A glass fiber paper characterized by containing 10 to 40 parts by weight in terms of Al ₂ O ₃ . The present invention will be explained in more detail below. The glass fibers constituting the glass fiber paper of the present invention are of two types: large diameter ones with an average diameter of 4 to 13 μm, and thinner ones with an average diameter of 0.4 to 1.5 μm. Those with a large diameter having an average diameter of 4 to 13 μm and a length of 3 to 25 mm are used. As the large-diameter glass fibers, it is preferable to use chopped strands obtained by cutting long glass fibers into lengths within the above-mentioned range. In addition, if the average diameter of the large diameter glass fibers is smaller than 4 μm, it becomes extremely difficult to manufacture the long glass fibers that are the material for the tip strands, resulting in increased costs.

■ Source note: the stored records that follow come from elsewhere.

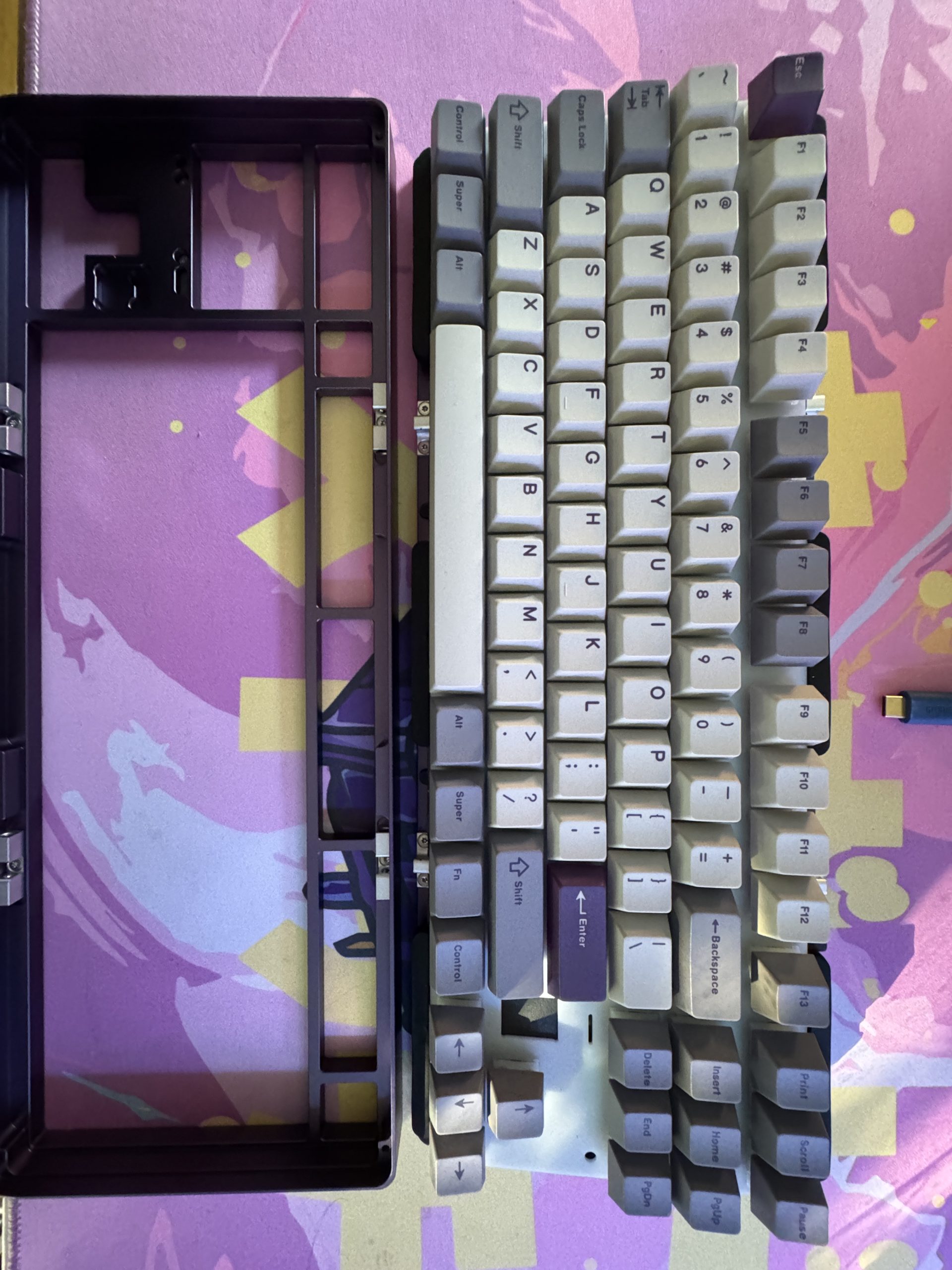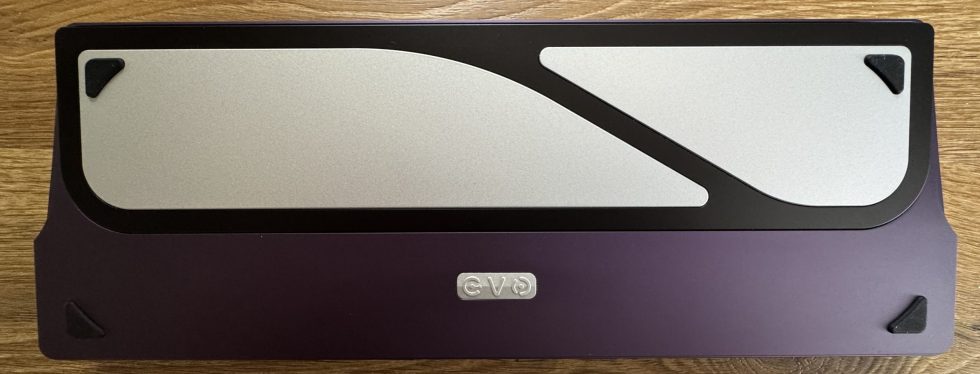 The underside of the keyboard in the “Tyrian” color variant, in a rich purple hue. The back consists of a sturdy aluminum housing with a large silver accent plate divided into two diagonal segments. At the bottom center is a small metal emblem embossed with “EVO”. There are black, triangular rubber feet at the four corners to ensure non-slip stability. The interplay between the dark Tyrian shade and the light metal plate gives the back an elegant yet modern look. I would have liked the EVO plate to be engraved. But it’s all good!
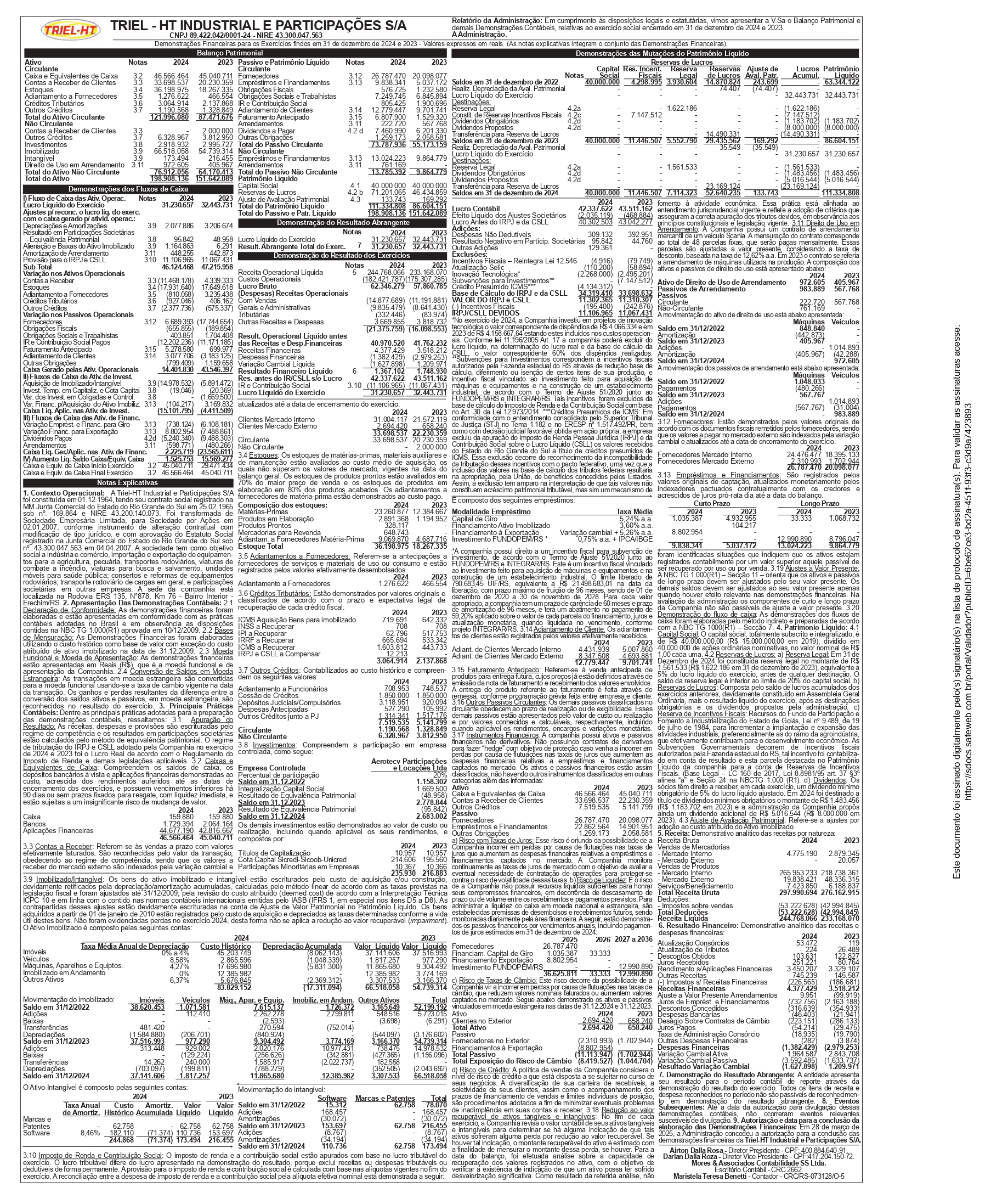 Demonstrações Financeiras para os Exercícios findos em 31 de dezembro de 2024 e 2023 - Valores expressos em reais.
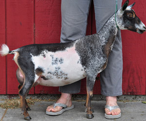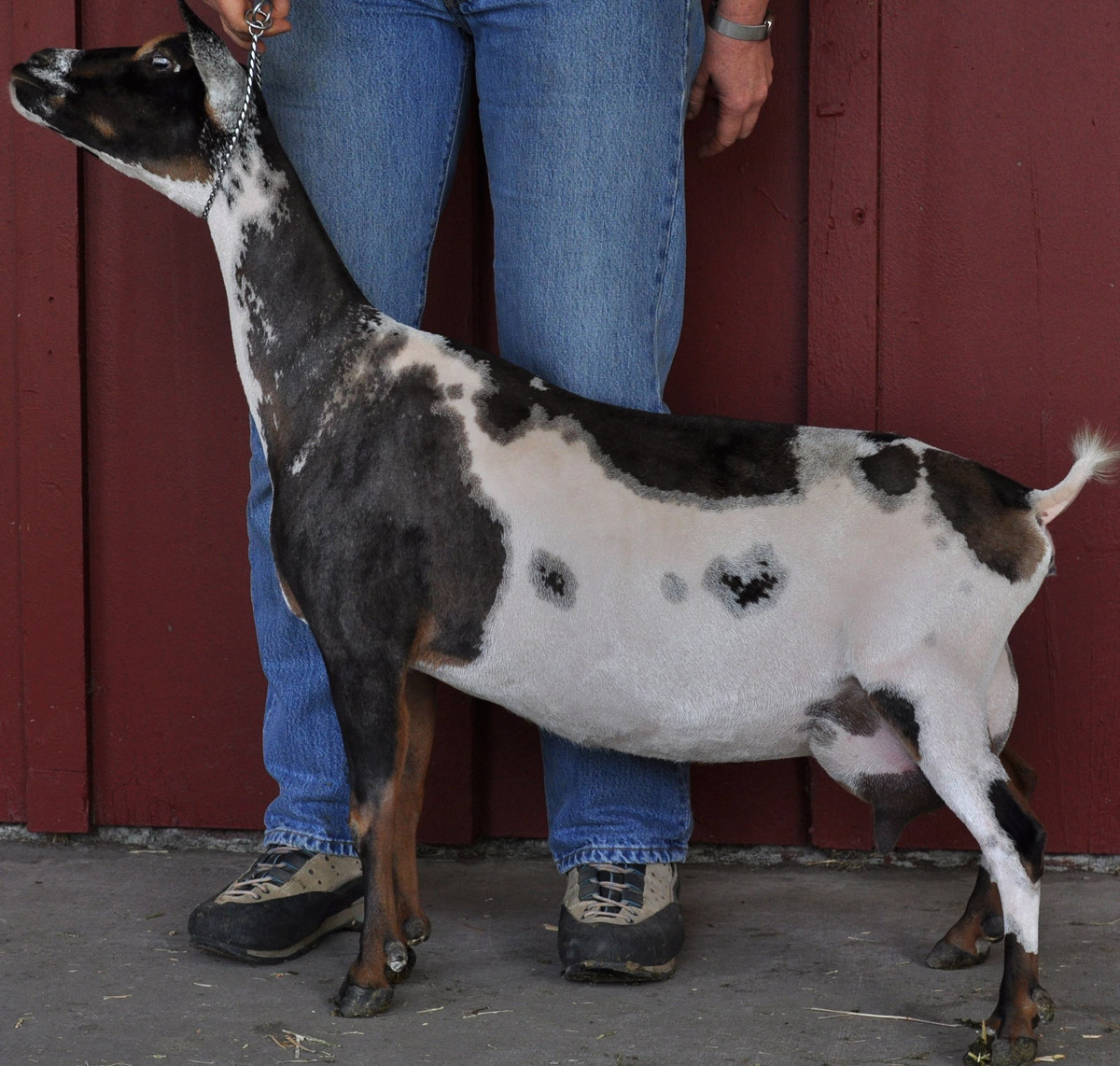 Sire: Twin Creeks BW Rebel w/o a Cause *S Sky has a high escutcheon, a nice front end assembly, is very full in the crops, has length from hips to pins, and good depth of barel. Even though she was dam-raised, she could easily be mistaken for a bottle baby, as she still tries to jump up in my lap- which at her current size is a bit uncomfortable. We are very pleased with her udder- so far, she has accumulated eleven best udder awards over some very tough competition! She has lots of attachment all around, a high rear udder and a smooth foreudder with a strong MSL and nice large plumb teats, and milks down to almost nothing. She has perfect milk stand manners and if, by some strange happenstance, another doe gets to be milked first, Sky will loudly let you know that this is NOT okay, and should not happen again in the near future (if ever). Sky is now retired and keeping watch over the herd as our current queen and settler of disputes amongst does. She has passed on wonderful attributes to daughters SkyRocketGilia, GCH Siren Song, and GCH Ghost Pine.
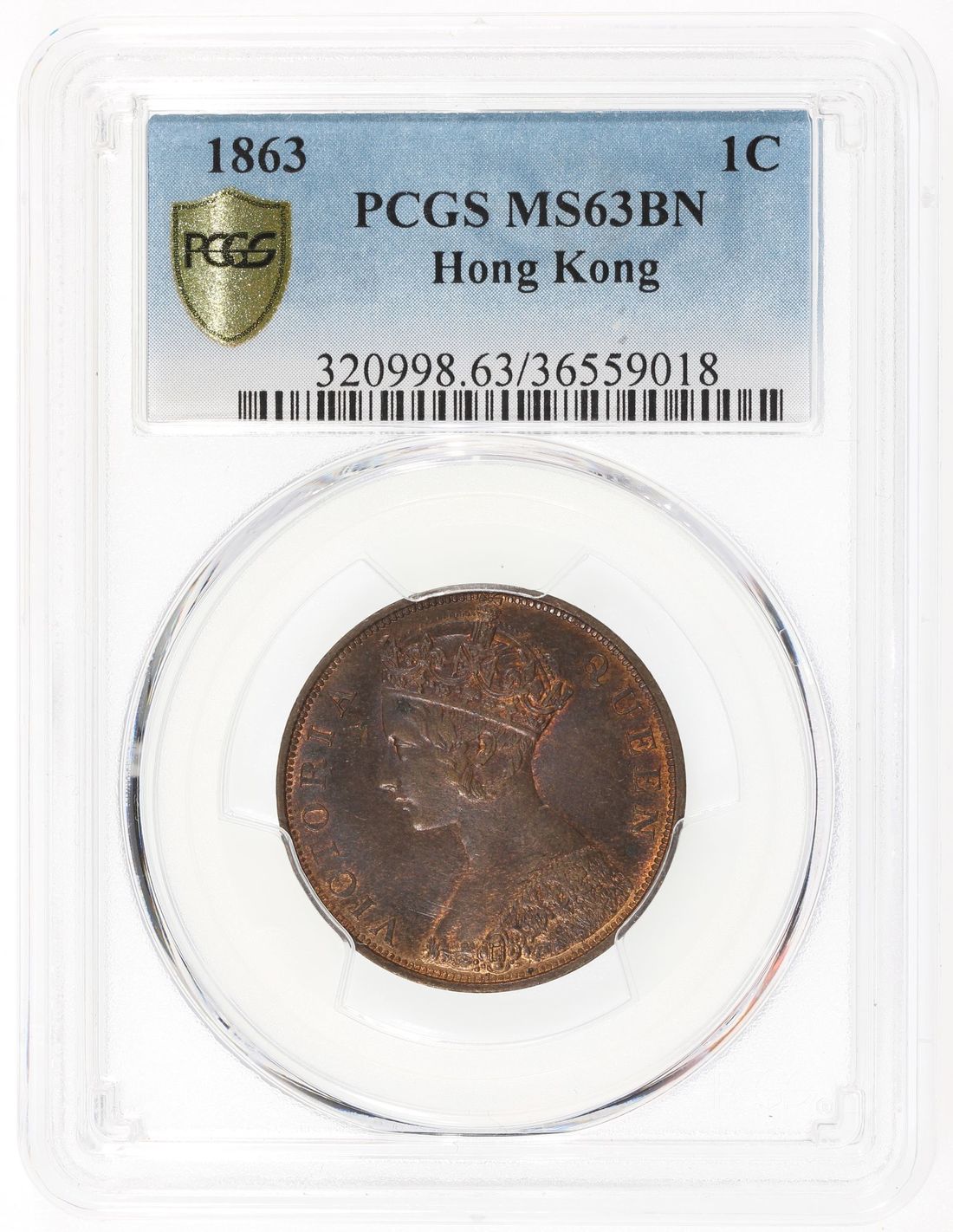 Hong Kong, [PCGS MS63BN] bronze 1 cent, 1863, Victoria on obverse, (KM-4.1), Cert. #36559018
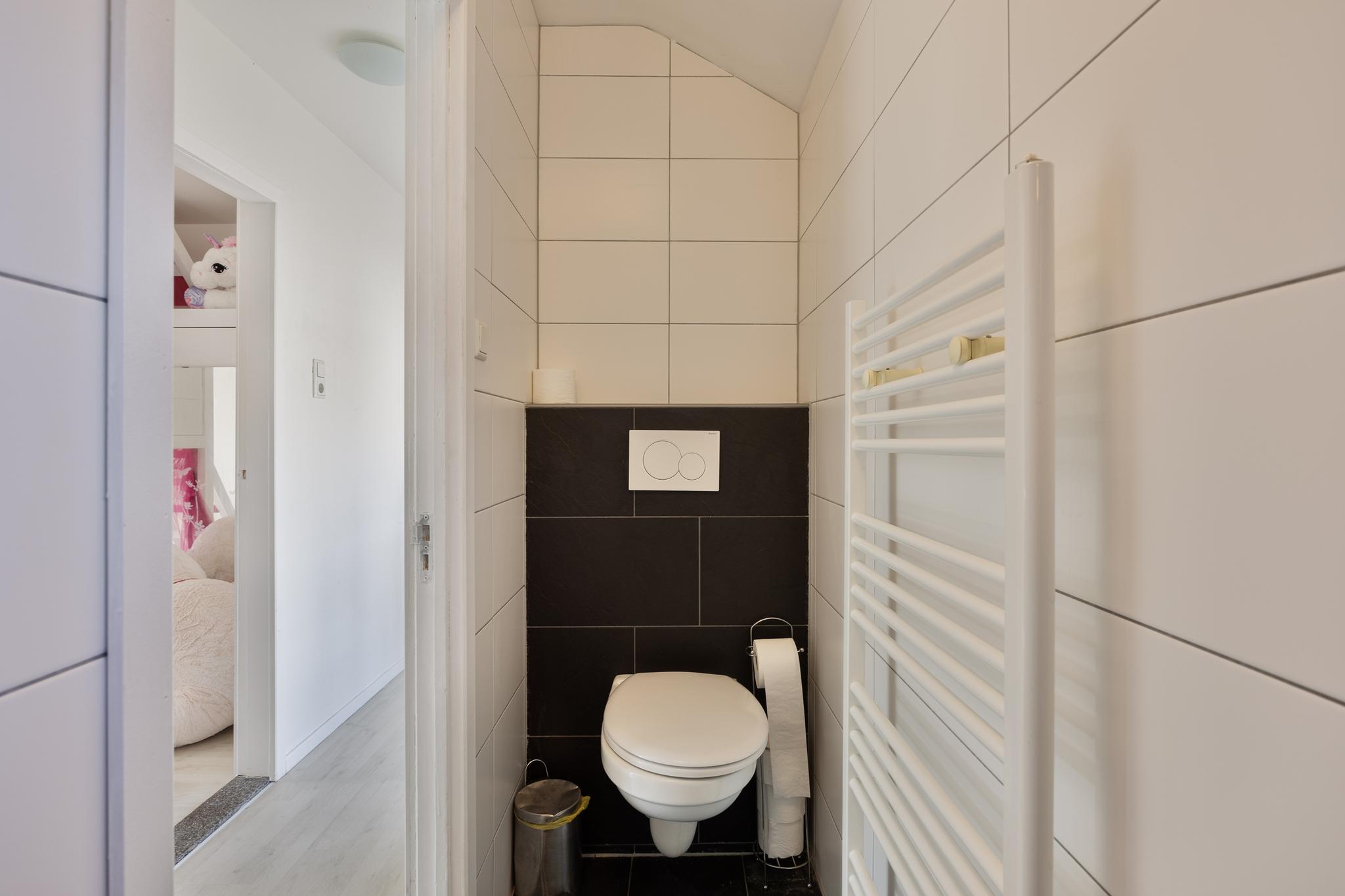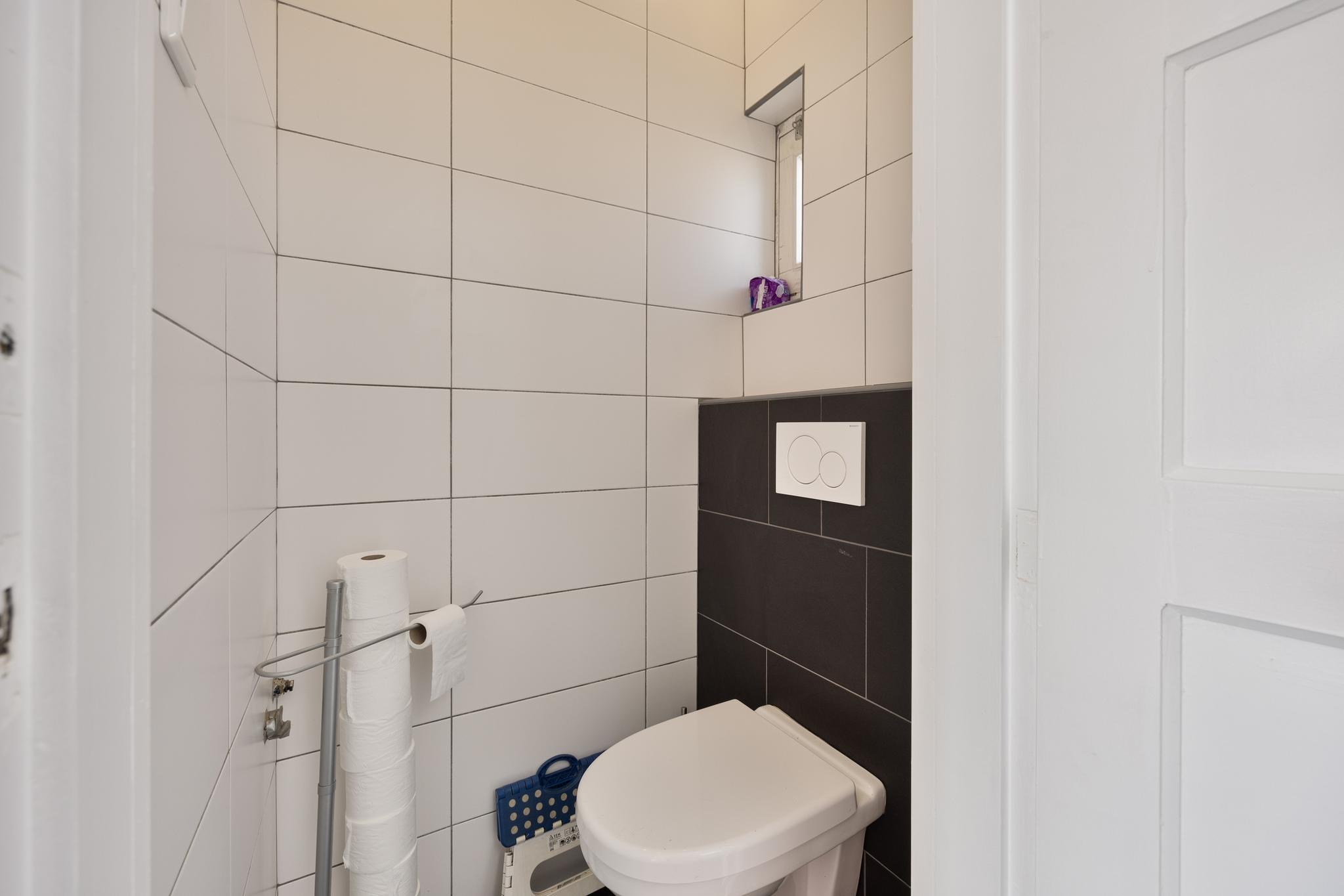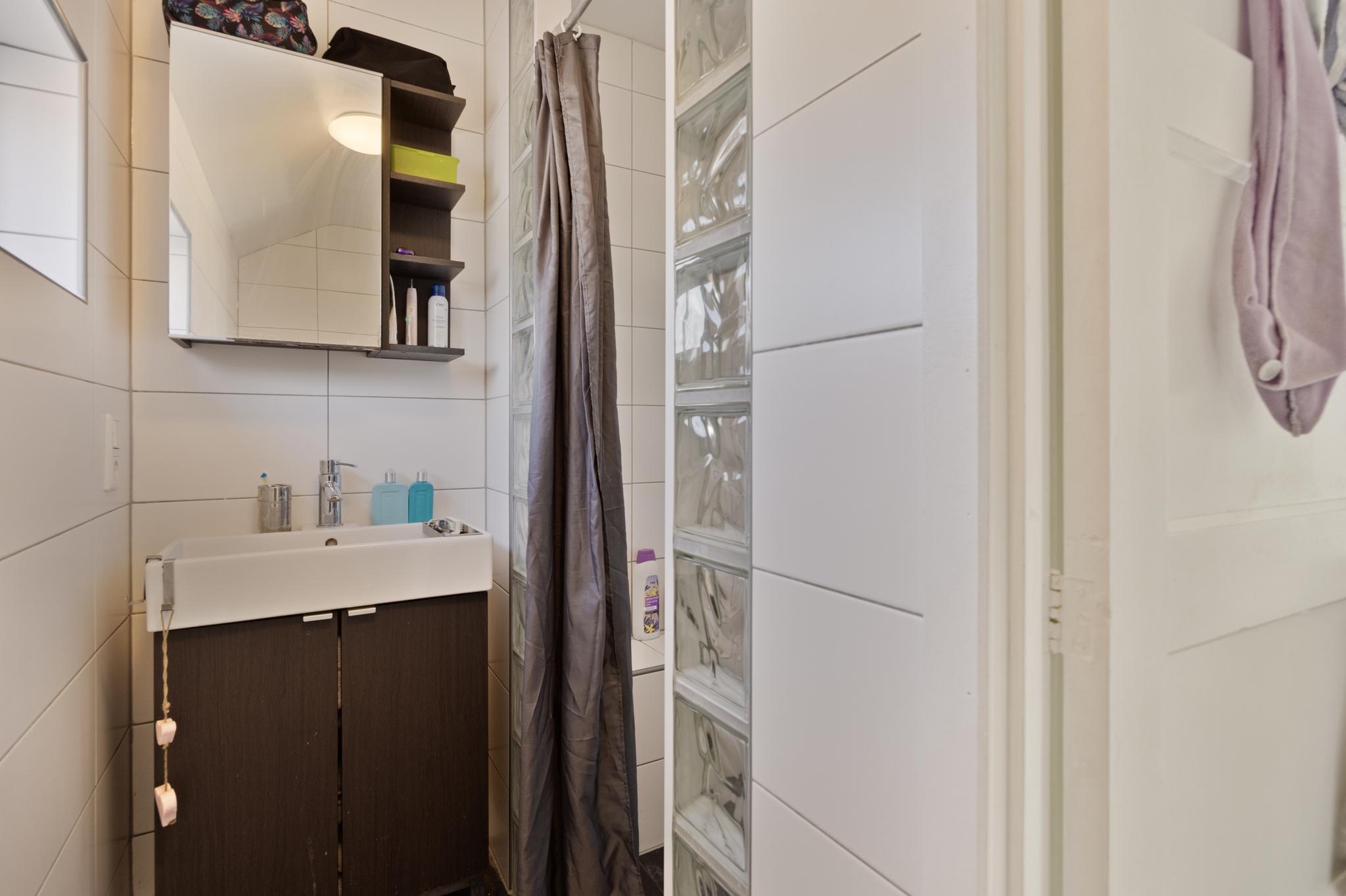 Betegelde badkamer voorzien van een inloopdouche, wastafel en een 2e toilet.

If the diameter is larger than 13 μm, the filament is likely to break, resulting in increased irritation to the skin. Furthermore, if the length of the large-diameter glass fiber is shorter than 3 mm, the strength of the glass fiber paper will be reduced. On the other hand, if the length is longer than 25 mm, it becomes difficult to manufacture glass fiber paper. That is, as described below, the glass fiber paper of the present invention is generally produced by a papermaking method, but if the fiber length is greater than 25 mm, it becomes difficult to uniformly disperse it in the papermaking water. This makes it difficult to obtain highly homogeneous glass fiber paper in which the fibers are evenly dispersed. Furthermore, when the content of the large-diameter glass fibers is less than 20 parts by weight, the bending resistance of the glass fiber paper decreases and it becomes brittle. Moreover, if it exceeds 50 parts by weight, the air permeability of the glass fiber paper will decrease. Fine glass fibers with an average diameter of 0.4 to 1.5 μm are
It is contained in a proportion of 60 to 30 parts by weight. If the diameter of the fine glass fibers is smaller than 0.4 μm, the manufacturing cost is high, leading to an increase in the cost of the glass fiber paper. Furthermore, if the average diameter of the small diameter glass fibers exceeds 1.5 μm, the air permeability of the glass fiber paper will decrease. Furthermore, if the content of small-diameter glass fibers exceeds 60 parts by weight, the bending resistance of the glass fiber paper decreases and becomes brittle, while if it is less than 30 parts by weight, the glass fiber paper becomes brittle. Air permeability begins to decrease. As the small-diameter glass fibers, it is preferable to use so-called short glass fibers produced by a centrifugal force method, a flame method, or the like. Note that the method for producing this short glass fiber is not limited in any way. The glass compositions of the above-mentioned large diameter and small diameter glass fibers are not limited in any way in the present invention, and are appropriately selected in consideration of the intended use of the glass fiber paper. The content of alumina sol in the glass fiber paper of the present invention is 10 to 40 parts by weight in terms of alumina. If the alumina sol content is less than 10 parts by weight, the bonding force between the glass fibers will decrease, and the strength of the glass fiber paper will decrease. while 40
If the amount is more than 1 part by weight, the glass fibers will be too strongly bonded to each other, making the glass fiber paper rigid and reducing its bending resistance. Note that alumina sol is, as is well known, several micrometers to
It is an alumina hydrate (boehmite type) with a colloid size of several hundred μm, and is a liquid pair in which colloid particles are dispersed in water using anions in the water as a stabilizer. This alumina sol is therefore dispersed in water, which is a dispersion medium, but in the glass fiber paper of the present invention, water, which is a dispersion medium, and all the OH groups and structural water that constitute boehmite are removed as H ₂ O. 10 parts by weight converted to alumina (Al ₂ O ₃ )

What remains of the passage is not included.